Week 12–Is the Anthropocene Male, Straight, White, and Caucasian? Gender, Sexuality, Race and Ethnicity in the Anthropocene

  • Topics/Questions: Often the Anthropocene is explained as a term describing how a single species changed the planet. But the reality is that within the single species there were great inequalities in the contributions to the changes made. How do perspectives from the Global South, feminists, or other marginalized groups challenge what we’ve come to understand of the Anthropocene?
  • Possible readings: “Indigenizing the Anthropocene” (Zoe Todd); “The Anthropocene and its Victims” (Francois Gemenne); “Painfully, from the first-person singular to first-person plural: the role of feminism in the study of the Anthropocene” (Daniel Kirjner); “Must the Anthropocene be a Manthropocene?” (Kate Raworth); selections from Queer Ecologies: Sex, Nature, Politics, Desire (Catriona Mortimer-Sandilands and Bruce Erickson); “A feminist project of belonging in the Anthropocene” (Gibson-Graham in Gender, Place and Culture 18(1):1–21 (2011)).

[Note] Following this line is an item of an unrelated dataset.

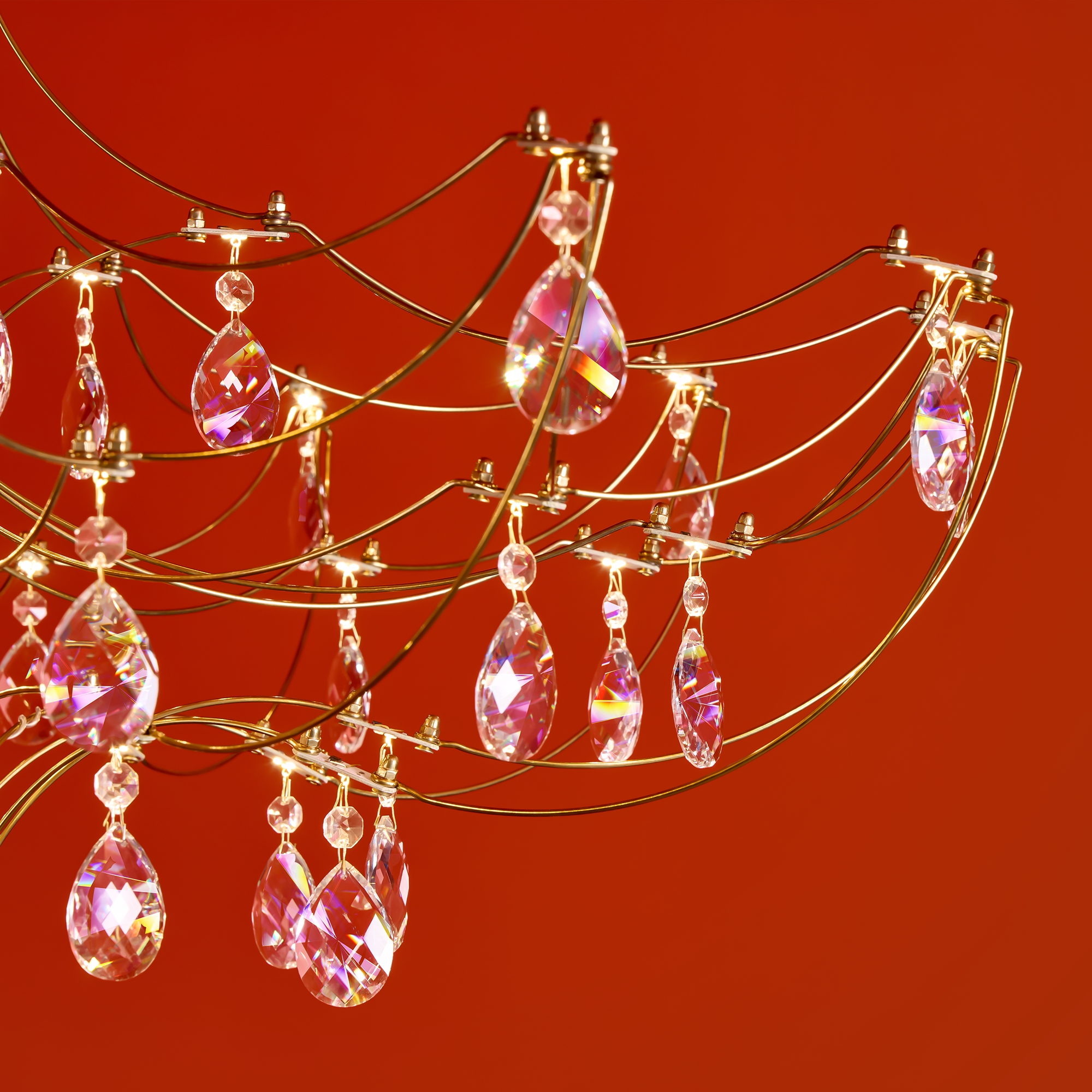 Арматура - хромированная нержавеющая сталь. В соединениях арматуры Led источник света и декоративные элементы из хрусталя в виде капелек. Цветовая температура 3000К.

Week 13–Giving Voice: Storytelling in the Anthropocene

  • Topics/Questions: If injustices of the past could be undone in the anthropocene, whose voices would need to be heard? What would they sound like and what would they say? How would they address issues of politics and power? Agency? Science as a way of knowing?
  • Possible readings: No readings. Readings of student creative writing.

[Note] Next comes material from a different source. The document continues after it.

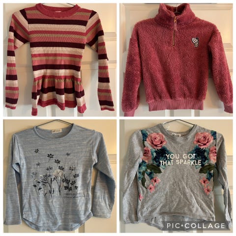 3 gensere, 2 i 128 og den stripene fra nameit i str 116 men er like stor som de andre. Selges samlet Kr 100. ,-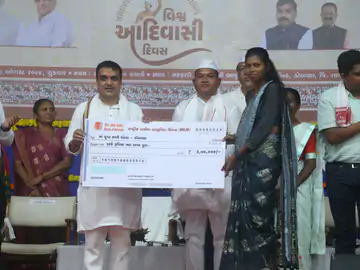 ડોલવણ ખાતે ગૃહમંત્રી હર્ષ સંઘવીની ઉપસ્થિતિમાં વિશ્વ આદિવાસી દિવસની ઉજવણી

Week 14–Curating the Anthropocene

  • Topics/Questions: What are the other ways, besides written and oral, that we have of telling stories? What do museum exhibitions on the Anthropocene aim to achieve?
  • Possible readings: “In the Planetarium: The Modern Museum on the Anthropocenic Stage” (Vincent Normand); review of museum exhibits such as “Welcome to the Anthropocene” and “Anthropocene Observatory

Week 15–San Francisco Anthropocene Slam

Students will select their own contributions to an Anthropocene Cabinet of Curiosities and then present them as a curated collection of storytelling objects. Guest scholars and other invited panelists will provide commentary on the exhibition.

Note: Inspiration for Weeks 11 and 12 drawn from Anthropocene Curriculum Campus, a project of Haus der Kulturen der Welt and Max Planck Institute for the History of Science.